Learning Inclusion

shortbus

I’m on a plane today headed to Alberta, Canada to give a talk at an inclusion conference. Nothing new—been speaking at conferences like this for over ten years and, as someone who spent a lot of time in “special education,” I believe deeply in inclusion. I believe in inclusion because during my school purgatory days, there was very little that I found was special about special education except a very special form of irony when I was called a special snowflake and then told to sit my special snowflake rear down. So because I’ve been doing this so long and been giving so many talks, I rarely look at the specific title of any particular conference any more—there are only so many creative ways the words inclusion, education, disabilities, at-risk kids can be combined.

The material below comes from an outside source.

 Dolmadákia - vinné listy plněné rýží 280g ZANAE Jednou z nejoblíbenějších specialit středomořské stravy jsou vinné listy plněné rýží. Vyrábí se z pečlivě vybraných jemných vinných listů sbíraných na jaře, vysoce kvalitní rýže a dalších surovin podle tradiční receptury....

By chance though, this morning when I got on the plane, I actually read my itinerary and was struck by the title of the conference I was attending. It wasn’t just an inclusion conference; it was a “learning inclusion” conference. Now I know that for those out there who don’t spend all their free time reading conference titles, this may sound like the proverbial difference without distinction. But I think this is an important shift from which we can learn. Let me explain.

The inclusion movement came essentially from the special education, or more precisely, in reaction to special education. It was, and is, a simple but profound idea: students with disabilities shouldn’t be segregated in special classes. And they shouldn’t ride the short bus, which, in some places, is the government funded form of segregated transportation. For inclusion true believers like me, the experience of people with disabilities is a civil rights issue. We are not a group of sick or broken individuals in need of treatment but a marginalized minority group in need of inclusion and empowerment.

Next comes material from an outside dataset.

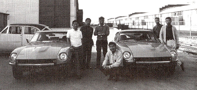 Pictured below: Mr. Katayama, President Nissan Motors USA, with the Road Test Crew and one of the Production Prototypes sent for initial road testing.

But what’s most interesting, at least from my vantage point, about this social movement is a bigger argument: people don’t have disabilities but experience disabilities in environments that aren’t accommodating or inclusive of the wide continuum of human differences. We are all temporally enabled learners who can be disabled by narrow, standardized learning environments, whether we have diagnoses or not. Learning inclusion is a call to create supportive and empowering learning environments — not for kids with learning disabilities, but all kids.